> [ASSIGNMENT] Span requested from the data below: the line with "- Buffalo Jasleen" through the line with "伝説のあだ名 | 『伝説のスナイパーあかあかりり』 |", both included. Give only these lines again, exactly, and leave every picture out.

(Dataset records)
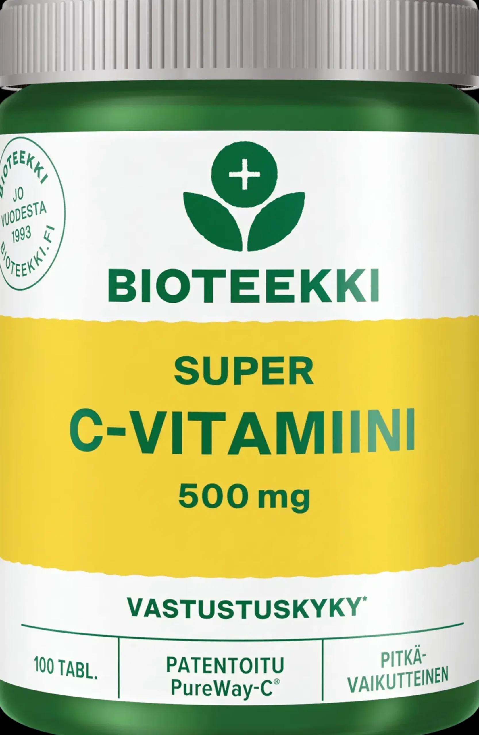 Super C-vitamiini sisältää ainutlaatuista C-vitamiiniyhdistettä, jossa on mukana rasvaliukoisia osasia ja bioflavonoideja. Tämä monipuolinen koostumus parantaa C-vitamiinin biologista hyväksikäytettävyyttä, nopeuttaen sen imeytymistä ja pidentäen sen pysymistä elimistössä. Ei sisällä gluteenipitoisen viljan ainesosia. Laktoositon, maidoton, liivatteeton.
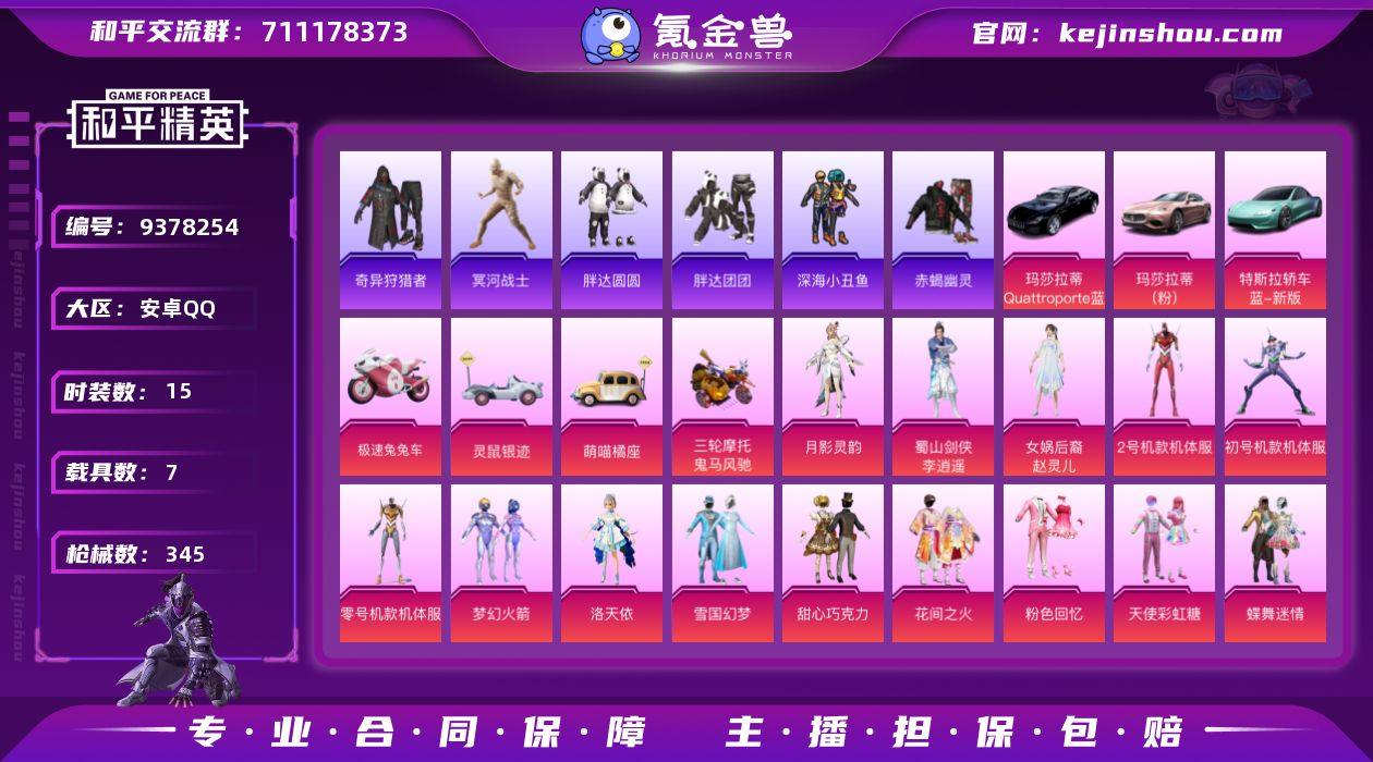安卓手Q-22王牌印记-有战神框-22粉装-9特效枪-3载具-热力值-272套装-353枪皮-4卓越印记-4传奇印记 【22粉装】,梦幻火箭,初号机款机体服,宝贝奶油派,天使彩虹糖,缤纷油彩,傲傲奶龙,黄族统领,海渊国主,小可学妹,猩猩队长,炙焰牛王,向日葵,寒光使者,莲影清波,银刃赛罗,极限特训,锦绣火鲤,暗夜鎏金,幻影战神,粉色回忆,星之彼岸,呆萌星弥 【9特效枪】AKM-炫紫旋律-5级 SCAR-L-梦幻火箭-7级 M416-五爪金龙-7级 M416-心之恋语-5级 AUG-超新星-6级 M762-激战未来-5级 Kar98K-巳巳如意-5级 UMP45-相思残雪-5级 P90-沙丘之主-3级 【1红装】,沙丘之主-图卡盟/2级, 【17稀有紫装】,都市猎人,派对舞王,赤蝎幽灵,萌熊伴侣背包(3级),奇异狩猎者,暗影哥特,深海小丑鱼,浪漫天命,雪山精英,浪漫波比,迅捷狂鲨,明日香款战斗服,龟仙人,金羽特工,六号树人,萌熊伴侣背包(2级),零款战斗服, 【3稀有载具】,阿斯顿·马丁DBS(绿),幻影随行,宾利欧陆GT敞篷(火焰橘), 【1僚机】,空客H135-蔚蓝之翼, 【272稀有时装】,图卡盟/2级,SS31特训,SS33特训,SS32特训,恋语绒绒,大橘大利,都市猎人,浪漫天命,奇异狩猎者,龟仙人,雪山精英,暗影哥特,深海小丑鱼,金羽特工,迅捷狂鲨,零款战斗服,明日香款战斗服,浪漫波比,六号树人,赤蝎幽灵,瑰梦爱神,派对舞王,顶瓜瓜,暗夜行者,好奇恐龙,激萌罗小黑,大橘为重,兔兔白日梦,动感兔斯基人偶服,狂沙舞者,酷熊伴侣,潮萌小黄鸭,Alan Walker,萌神柯基,龙魂突击队,异域银装,SS30特训,战术大师,SS28特训,银尘,机械英豪,机械征服者,SS29特训,SS16特训,华灯初上,暴风机械师,时空追击者,星际旅行,超人强,贝斯之夜,暗夜傀儡,红酒骑士,英勇保护者,智慧隐士,军械专家,冰爽风暴,源星混沌,福星高照,暗夜契约,纯白誓言,豚鼠丹丹,虎虎生威吉莉,夏日音浪,龙的传人,花园小羊咩,军刀雅典娜,潮酷猛小鳄,浓情摩卡,众神之
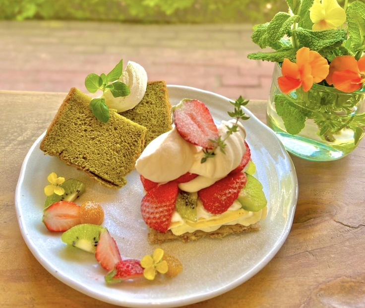 ※気候の良い時は緑溢れるテラスのお席でお食事やカフェタイムをお楽しみいただきます。
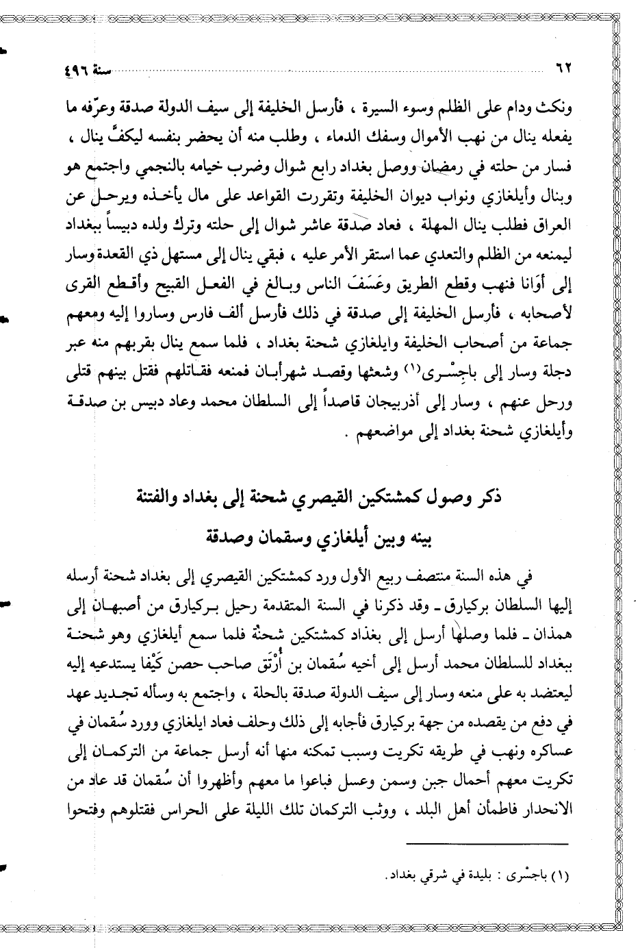 $ ذكر وصول كمشتكين القيصري شحنة إلى بغداد والفتنة بينه وبين أيلغازي وسقمان وصدقة $
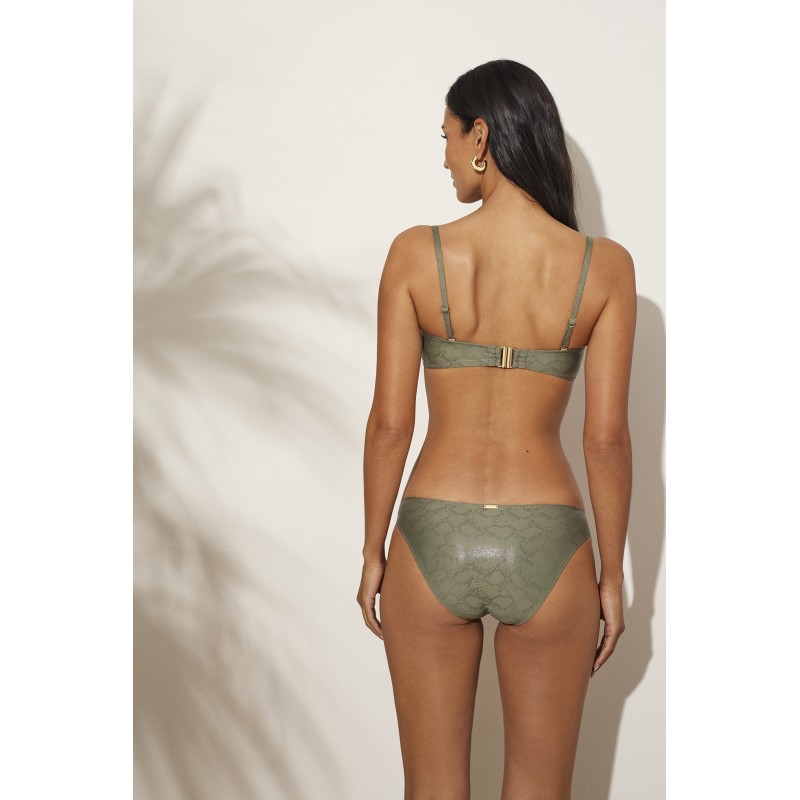 Bandeau bikini top with removable cup and underwire. With removable straps. With a spectacular recycled fabric, this collection has a very special shine that will capture all eyes this season.
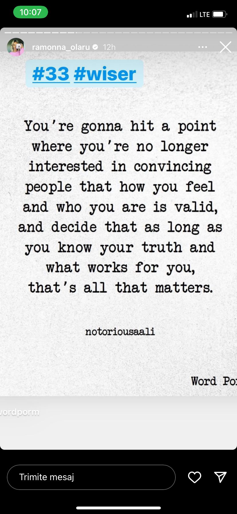 „Vei ajunge într-un punct în care nu vei mai fi interesat să convingi oamenii că felul în care te simți și cine ești este valid și vei decide că atâta timp cât îți cunoști adevărul și ceea ce funcționează pentru tine, asta este tot ceea ce contează.”, a scris Ramona Olaru pe Instagarm, cu ocazia zilei sale de naștere.
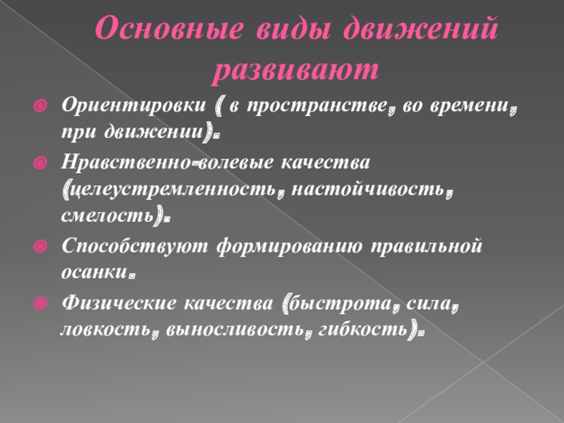 Успешное усвоение основных движений требует определенного уровня развития чувства равновесия.
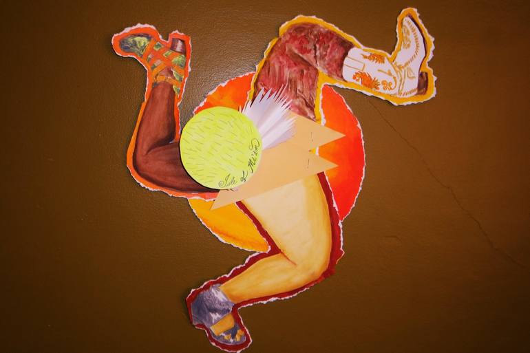 This work is playing with ancient migrating patterns (the triskelion, found through Minoan Crete all the way up to Ireland) and disability. The image of my crippled leg is the "skelion" (limb) used to create this symbol which implied a dynamic movement though the leg is actually quite slow. It drags...
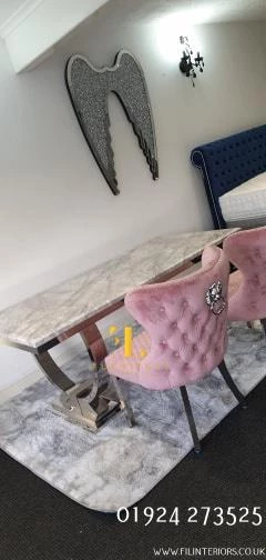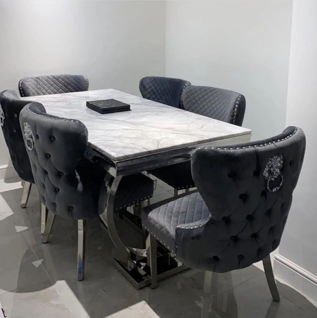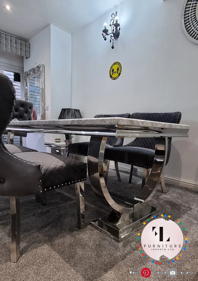 Bringing a special, contemporary approach, the Arianna dining table is certain to wow visitors enabling you to eat in style, A wonderful, amazing marble top is done with smooth stainless steel legs ,For a really lavish eating knowledge include the Hobbs seat in an exquisite velvet smash complete, either in a different shading
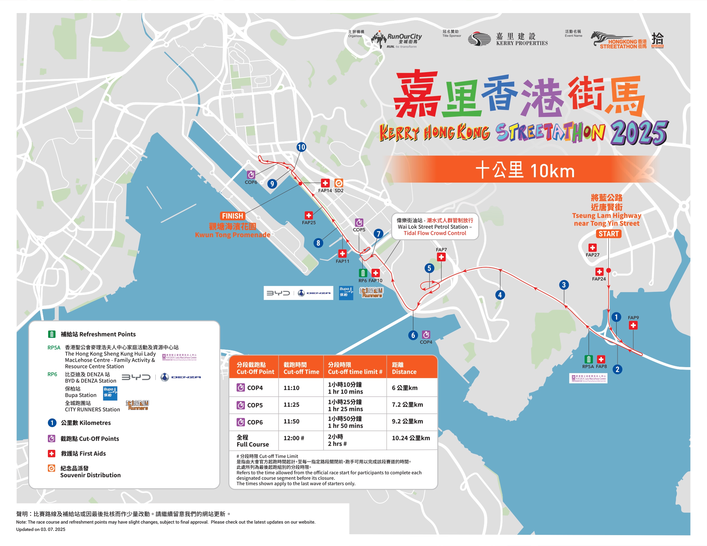 十公里比賽則以將藍公路近唐賢街為起點,經將藍公路、茶果嶺道、觀塘繞道及海濱道,前往觀塘海濱花園的終點。
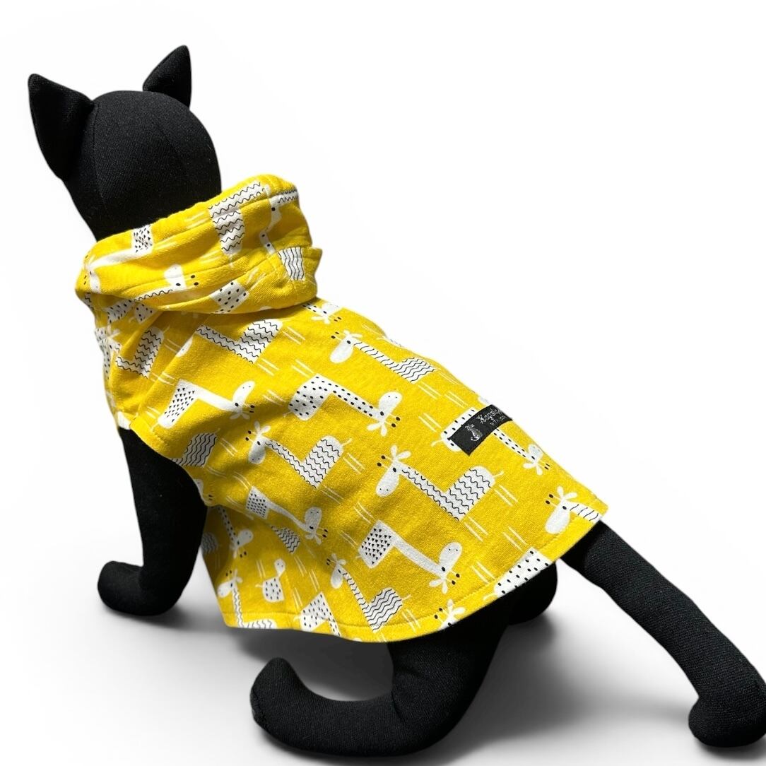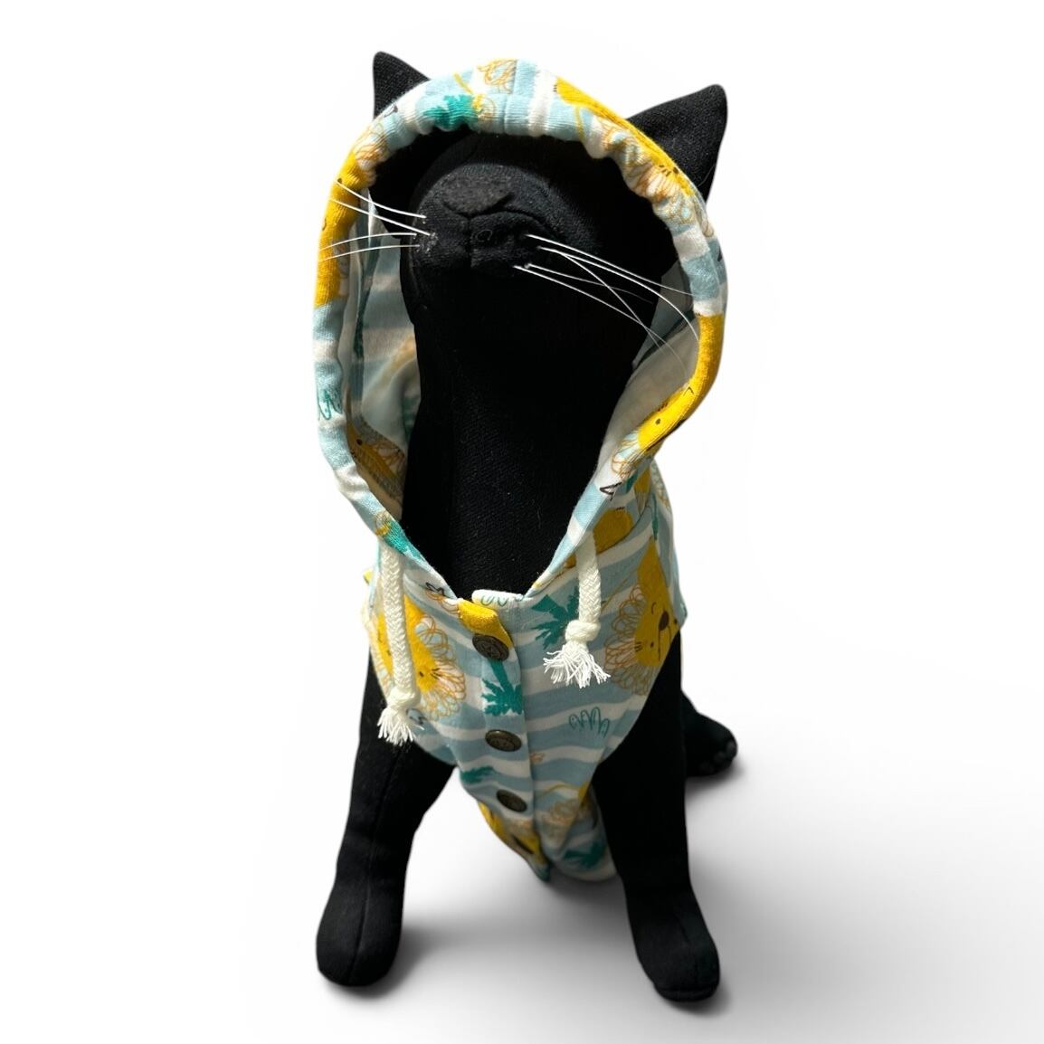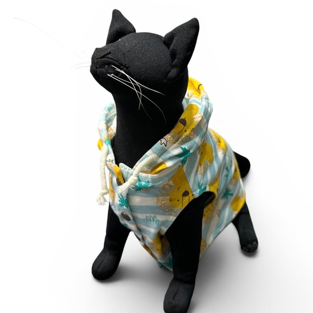 Mサイズは4.5㎏前後の猫ちゃん、Lサイズは5.5㎏前後の猫ちゃんが丁度よさそうですが、ニットなので許容範囲が大きく、Mは4㎏以下の猫ちゃんから、Lは6㎏以上の猫ちゃんまで着用していただけています。
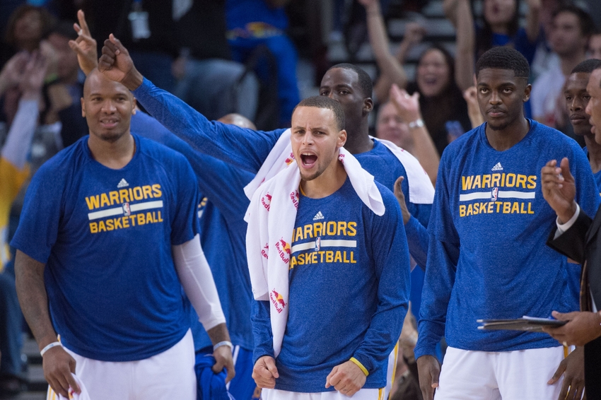 January 7, 2015; Oakland, CA, USA; Golden State Warriors guard Stephen Curry (30, center) celebrates on the bench during the third quarter against the Indiana Pacers at Oracle Arena. The Warriors defeated the Pacers 117-102. Mandatory Credit: Kyle Terada-USA TODAY Sports
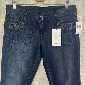 - Buffalo Jasleen Stretch Cigarette Low Rise Slim Fit Jeans Beaded Pockets. These low rise slim fitting jeans have beading and metallic embroidery on the pockets
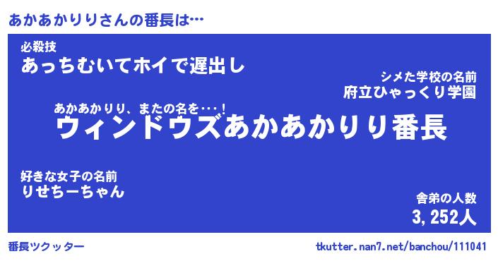 | 伝説のあだ名 | 『伝説のスナイパーあかあかりり』 |
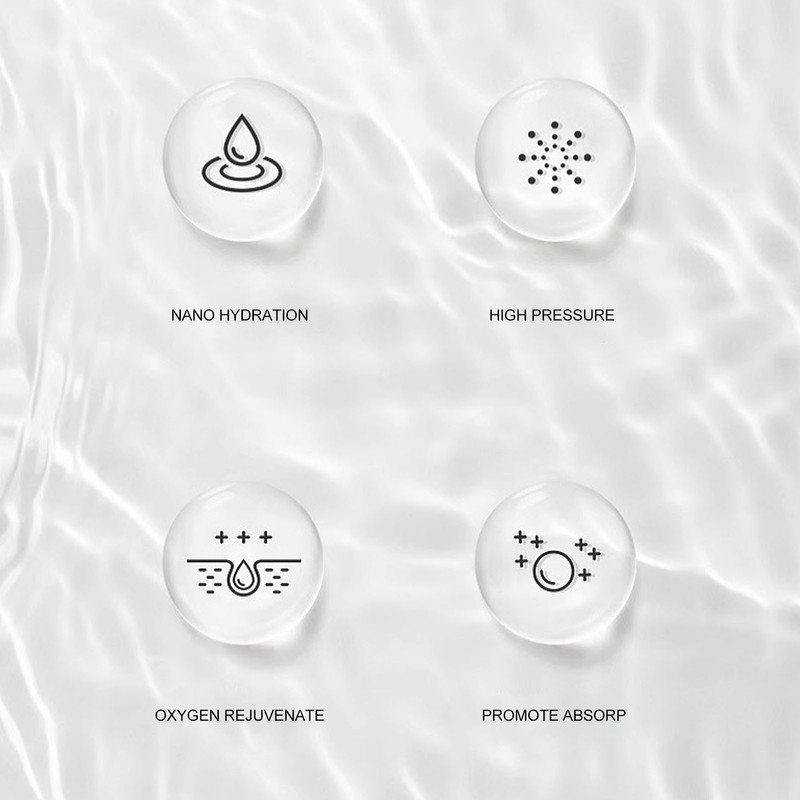 1、HIGH PRESSURE HYDRATION: It utilizes high pressure misting technology to finely atomize water, allowing it to penetrate deep into the skin layers for rapid and effective hydration. 2、DEEP SKINCARE PENETRATION: Its design ensures that the water particles are finely dispersed, enabling them to deep into the skinlayers. This deep penetration enhances the absorption of skincare productt. 3、PORTABLE DESIGN: It is designed to be compact and lightweight, allowing you to carry it in your handbag or pocket. This enables you to enjoy on the go hydration anytime, anywhere. 4、RECHARGEABLE DESIGN: With a built in rechargeable battery, you can easily use your device without the need for replaceable batteries or being restricted by power outlets. 5、MULTIFUNCTIONALITY: In addition to providing hydration, this machine can also be used for applying skincare serums, essences, and other products. While misting, it nourishes and moisturizes the skin.

> [EXPECTED ANSWER]
 - Buffalo Jasleen Stretch Cigarette Low Rise Slim Fit Jeans Beaded Pockets. These low rise slim fitting jeans have beading and metallic embroidery on the pockets
 | 伝説のあだ名 | 『伝説のスナイパーあかあかりり』 |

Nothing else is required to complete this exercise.